Мертвый отец - [18]

Шрифт
Интервал

Козел он был, сказал Томас, это хорошо известно.

По-прежнему козлин. Тискает всякий раз, как дорвется.

Я замечал.

Предпочитает попу, сказала она, хватка у него там что надо.

Я наблюдал.

А в смысле скорей вербальных, а не физических знаков внимания он разнообразно предлагал растряхнуть простынки, нырнуть в потемки, подскочить на лесенку и поиграть в гусика с уточкой.

И ты отвечала?

С душераздирающей приятностью, как обычно. Все равно в нем что-то есть.

О да, сказал Томас, что-то в нем есть. Мне бы и помститься не могло это отрицать.

Властность. Хрупкая, однако присутствует. Он как пузырь, какой не хотелось бы чпокнуть.

Но не забывай, было время, когда отрезал он людям уши стамеской по дереву. Двухдюймовым лезвием. И не забывай, было время, когда голос его, голос простой, не звукоусиленный, твою голову способен был вывернуть наизнанку.

Белиберда, сказала она, ты распространяешь мифы.

Черта с два, сказал Томас. Так было.

Ты мне что-то не кажешься слишком уж изувеченным или поврежденным.

Бывают времена, когда ты не слишком сообразительна, сказал Томас.

Времена, когда я не слишком что?

Сообразительна, сказал Томас, бывают времена, когда ты не слишком сообразительна.

Ну и ну тебя нахуй, сказала она.

Ну и ну тебя нахуй, сказал Томас, бывают времена, когда я забываюсь и говорю правду.

Рохля, рохля, сказала она. Жалость к себе чудовищно непривлекательна.

Ох что ж черт ну да. Извини. Но я же действую, разве нет? А с таким же успехом мог сидеть дома, носить колпак с бубенцами и покупать лотерейные билеты в надежде на курбет судьбы, который изменит мою жизнь.

Я, сказала она. Я, я.

Это есть.

Ты и я, сказала она, суя руку к себе в ранец за кусочком бханга. Пожуешь?

Не сейчас, спасибо.

Ты и я, сказала она, мы с тобой.

Томас принялся считать на пальцах.

Да, сказал он.

И Эмма, сказала она. Я видела, как ты на нее смотришь.

Я на все смотрю, сказал Томас. На все, что передо мной. Передо мной Эмма. Стало быть, я смотрю на Эмму.

А она на тебя, сказала Джули, я кое-какие взгляды замечала.

Она недурна, сказал Томас.

Но мы, ты и я, друг другу не безразличны, сказала Джули. Факт есть факт.

Временный факт, сказал Томас.

Временный!

Отхаркивание бхангового сока (подчеркнутое).

Боже мой, я же просто говорю правду, сказал Томас.

Гадюка, сказала она.

Не знаю я лучшей души, сказал он, да и тело привлекательно.

Замеряешь, а? Замерщик.

Джули суя в рот больше конопли.

Ты забываешь о тлене времени, сказал Томас, я же о нем никогда не забываю.

Мне это не нравится.

А кому нравится?

Я выбрасываю из ума то, что уму вредит. Ты же в этом нежишься.

Ничего я в этом не нежусь.

Мы с тобой, сказала она, черт возьми, неужто ты не способен вбить эту простую мысль себе в голову? Мы с тобой против этого есть.

Временно, сказал Томас.

Ох какая же ты гадюка.

Исследователь тлена, только и всего.

Джули принялась расстегивать на себе блузку.

Да, можно и так, сказал Томас. Пятнадцать минут или, в лучшем случае, тридцать пять.

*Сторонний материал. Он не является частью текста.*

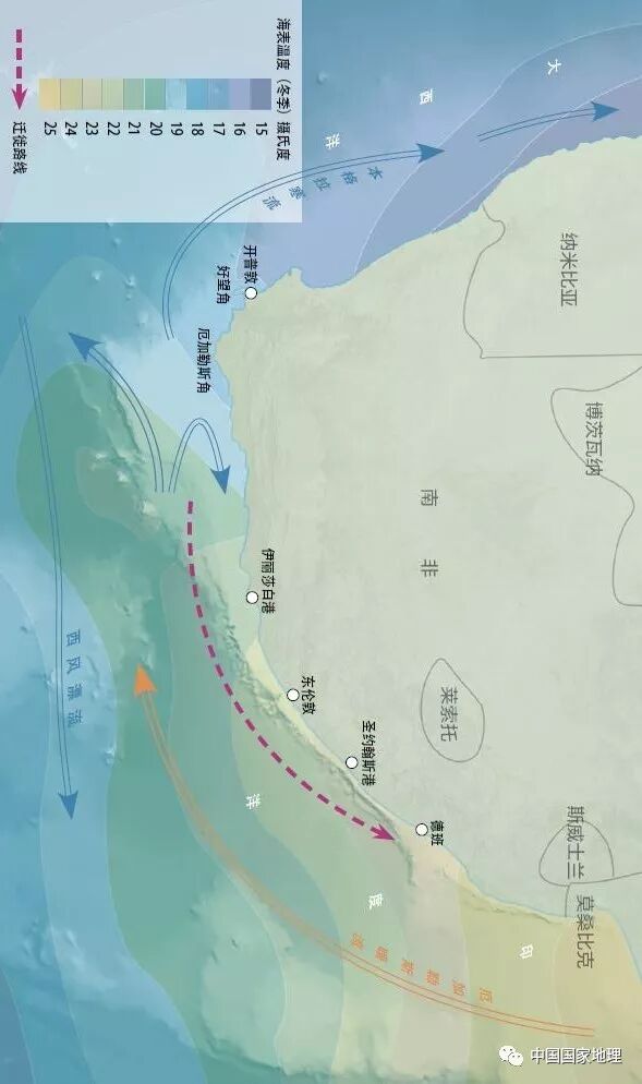 南非海岸线长约2500公里,东西南三面由大西洋和印度洋所环抱,在西岸的大西洋有由南向北的本格拉寒流流过,在东岸的印度洋有由北向南的厄加勒斯暖流流过,在南岸有由西向东的西风漂流流过

Давай сползаем вместе за кустик.

Всем сердцем, сказал Томас, но я не могу отречься от того, что знаю. Не каждый день абсолют находишь.

Ты придурок-подмастерье, сказала она, даже не полный дурак, и вместе с тем я дам тебе попробовать немного, потому что ты мне нравишься. Повезло тебе, собаке.

Томас произнес длинный абзац в смысле того, что это правда.

Джули дергаючи Томаса за рукав.

Томас и Джули под кустом. Томас держа стопы Джули в руках.

Омой ноги[34], сказал он.

Да, раз ты завел речь, сказала она.

Я тебе их сам омою, если желаешь.

Не обязательно. Сама разберусь.

Вихотка, сказал он. Маленькая синенькая квадратная такая.

Верно.

Грубая на ощупь.

Я видела.

Обычно влажная.

Я помню.

Я б мог просто надеть на них мешки, наверное, толстые полотняные мешки с замочками, какие в Почтовом Отделении применяют.

Ох ахти мне.

Исподы колен, с другой стороны, положительно глянцевы.

Не очень они плохи, а?

Девять морщинок и веснушка, все безупречны. Нечего и желать. Вершина оного.

У Эммы так бы получилось?

Не знаю, сказал Томас. Надо будет об этом подумать.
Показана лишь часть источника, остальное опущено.